这里的相同，是说比较的两个对象是否是同一个对象，即在内存中的地址是否相等。而我们有时候需要比较两个对象的内容是否相同，即类具有自己特有的“逻辑相等”概念，而不是想了解它们是否指向同一个对象。

例如比较如下两个字符串是否相同`String a = "Hello"` 和 `String b = new String("Hello")`，这里的相同有两种情形，是要比较 a 和 b 是否是同一个对象（内存地址是否相同），还是比较它们的内容是否相等？这个具体需要怎么区分呢？

如果使用 `==` 那么就是比较它们在内存中是否是同一个对象，但是 String 对象的默认父类也是 Object，所以默认的`equals`方法比较的也是内存地址，所以我们要重写 `equals`方法，正如 String 源码中所写的那样。

1. 先比较内存地址
2. 再比较value值

这样当我们 `a == b`时是判断 a 和 b 是否是同一个对象，`a.equals(b)`则是比较 a 和 b 的内容是否相同，这应该很好理解。

JDK 中不止 String 类重写了equals 方法，还有数据类型 Integer，Long，Double，Float等基本也都重写了 `equals` 方法。所以我们在代码中用 Long 或者 Integer 做业务参数的时候，如果要比较它们是否相等，记得需要使用 `equals` 方法，而不要使用 `==`。

因为使用 `==`号会有意想不到的坑出现，像这种数据类型很多都会在内部封装一个常量池，例如 IntegerCache，LongCache 等等。
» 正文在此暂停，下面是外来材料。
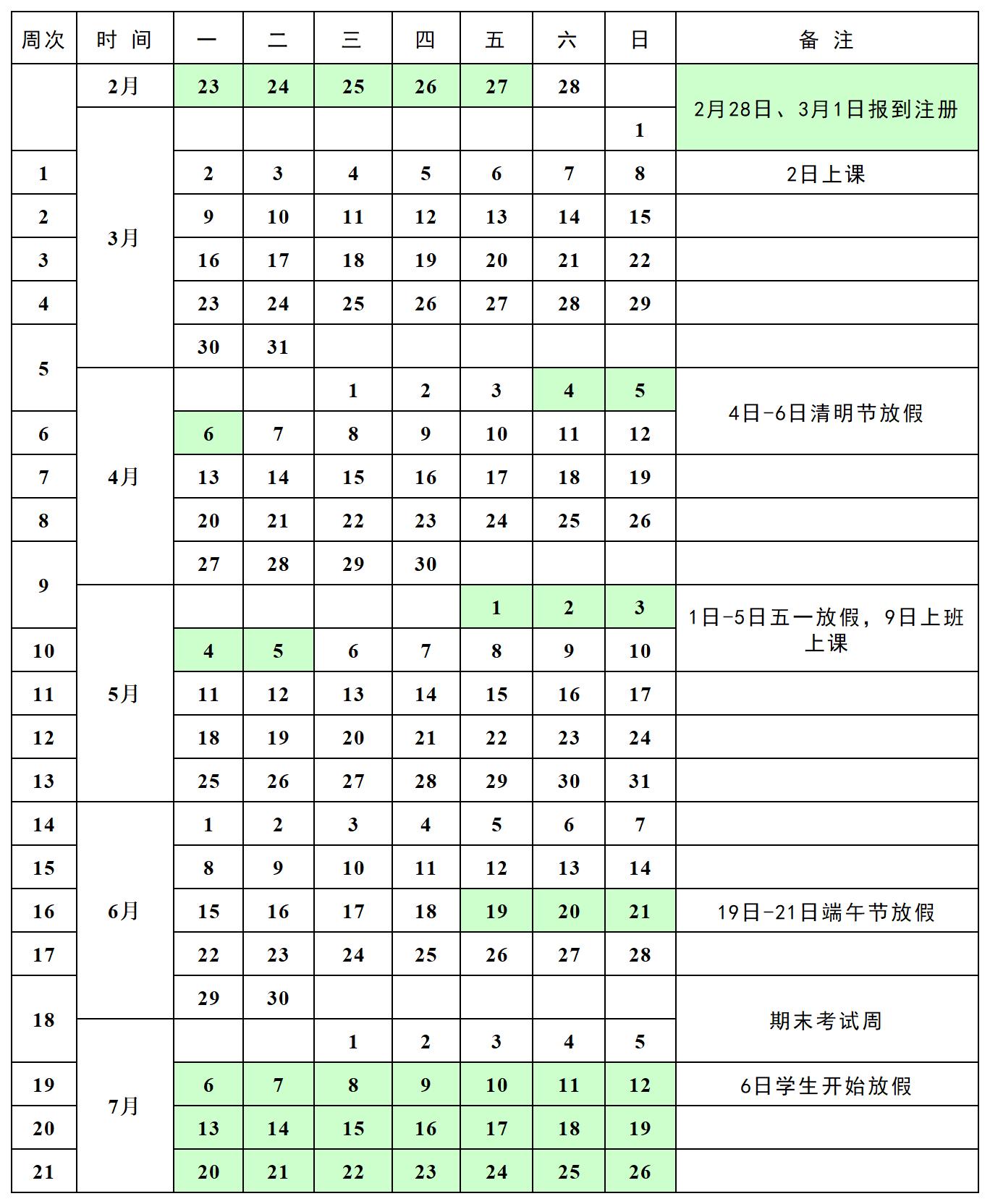 淮南职业技术学院2025一2026学年第二学期校历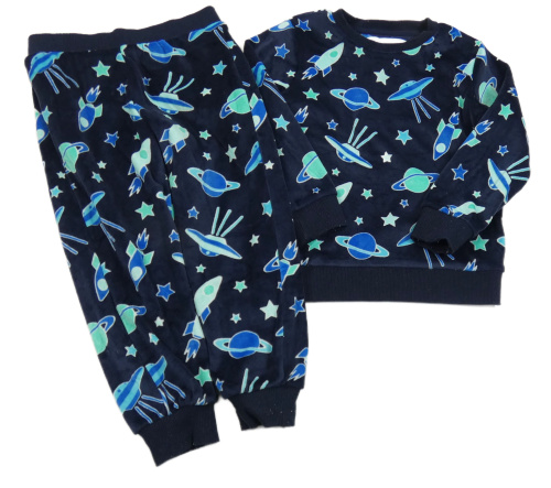 Tmavomodré plyšové pyžama s vesmírom F&F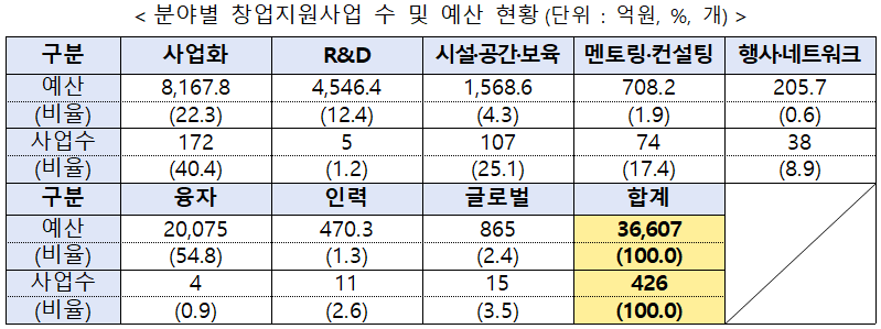 • 사업유형별 : 사업화(172개), 시설-보육(107개), 행사-네트워크(38개), 멘토링(74개), 글로벌(15개), 인력(11개) 기술개발(5개), 융자(4개) 순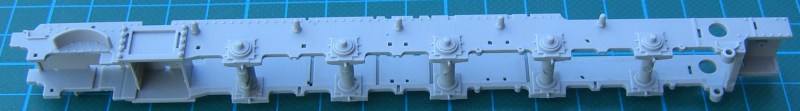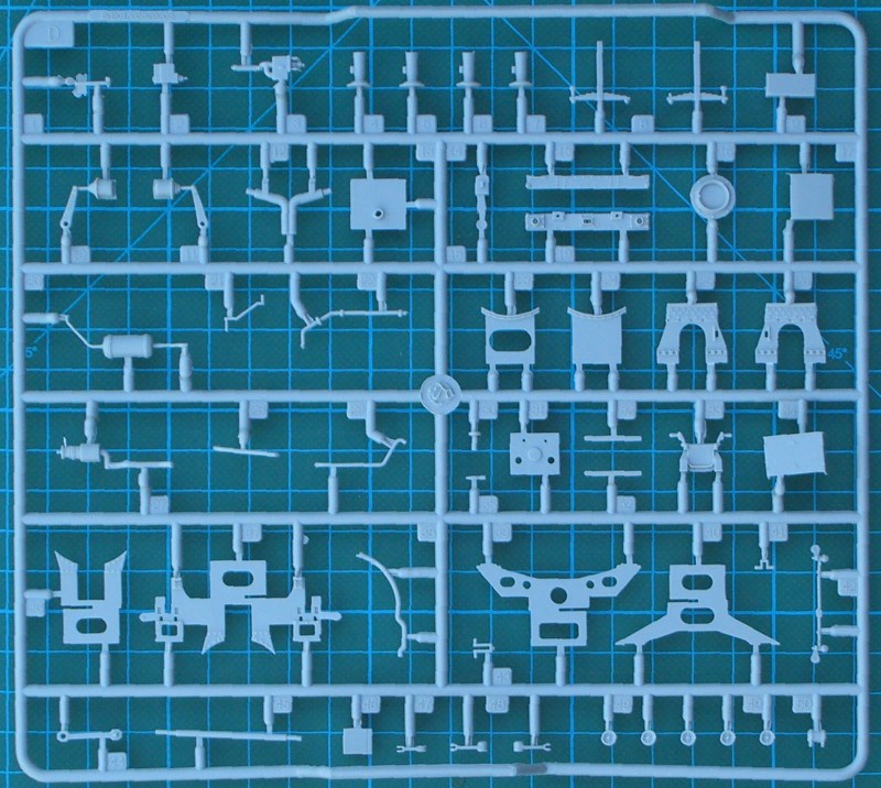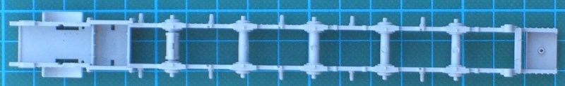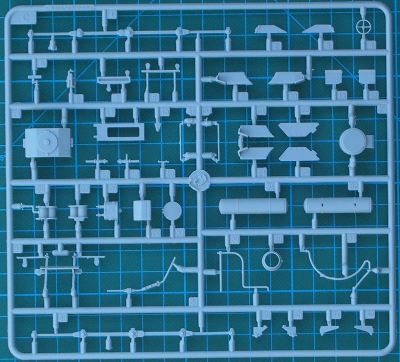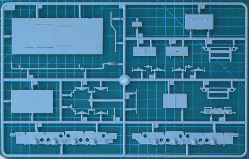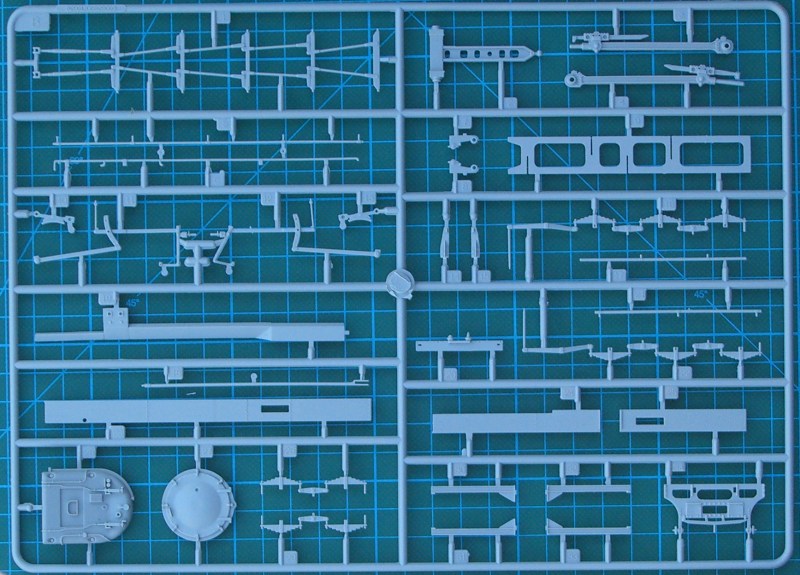 Der riesige Karton hält den Erwartungen stand. Es gibt sieben Spritzgussrahmen, zwei größere Spritzgussteile (Rahmen und Tendergehäuse), ein paar Klarsichtteile sowie Vinylteile für die Leitungen. Alle Teile besitzen eine sehr gute Detaillierung. Ein Teil davon ist sicher hinterher kaum noch sichtbar. Der Bau beginnt mit dem Fahrgestell und hier hat HobbyBoss einen ordentlichen Job gemacht. Details satt!!! Das Gleiche gilt für das Führerhaus. Durch die kleinen Fenster ist leider davon sehr wenig zu sehen. Allein das zu wissen, dass da was ist macht das Modellbauerherz glücklich.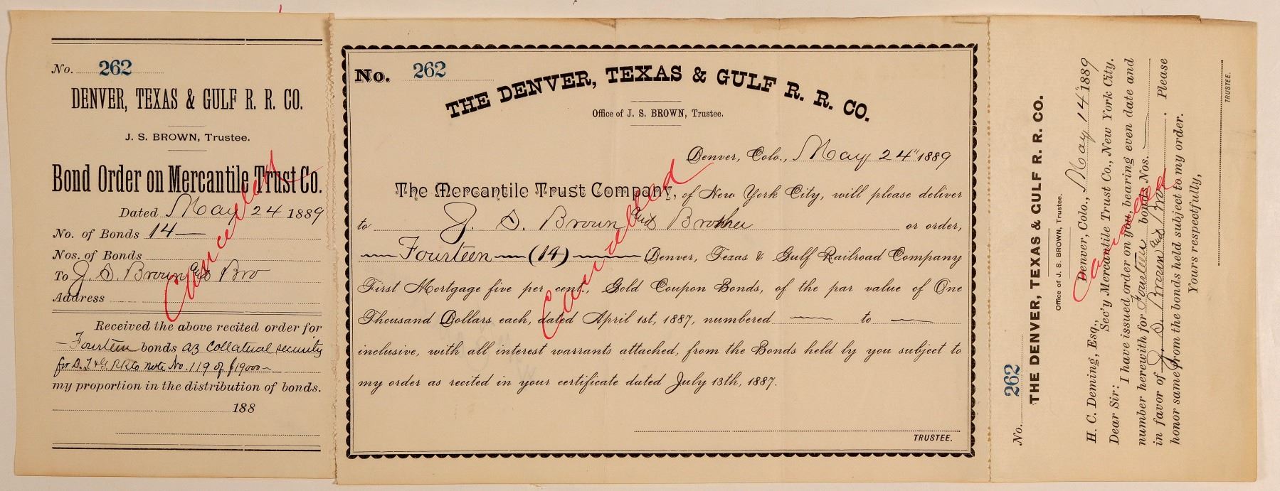 Stock Certificate from the Denver, Texas and Gulf Railroad Co. Certificate number 262 issued in 1887 at Denver, Colorado to J. S. Brown & Brother. Size 8.5 by 6 inches. Good condition. Canceled. Delivery certificate for gold Bonds, certificate unsigned. Formed in 1885 to buy at foreclosure Denver and New Orleans Railroad Company; in 1890 merged into Union Pacific, Denver, and Gulf Railway Company along with other lines.

当数据值在某个范围内时会直接从常量池中获取而不会去新建对象。

如果要使用`==`，可以将这些数据包装类型转换为基本类型之后，再通过`==`来比较，因为基本类型通过`==`比较的是数值，但是在转换的过程中需要注意 NPE（NullPointException）的发生。

## 了解Class中的HashCode

> 回过头再看一下面试题： 两个对象值相同(x.equals(y) == true)，但是可能存在hash code不同吗?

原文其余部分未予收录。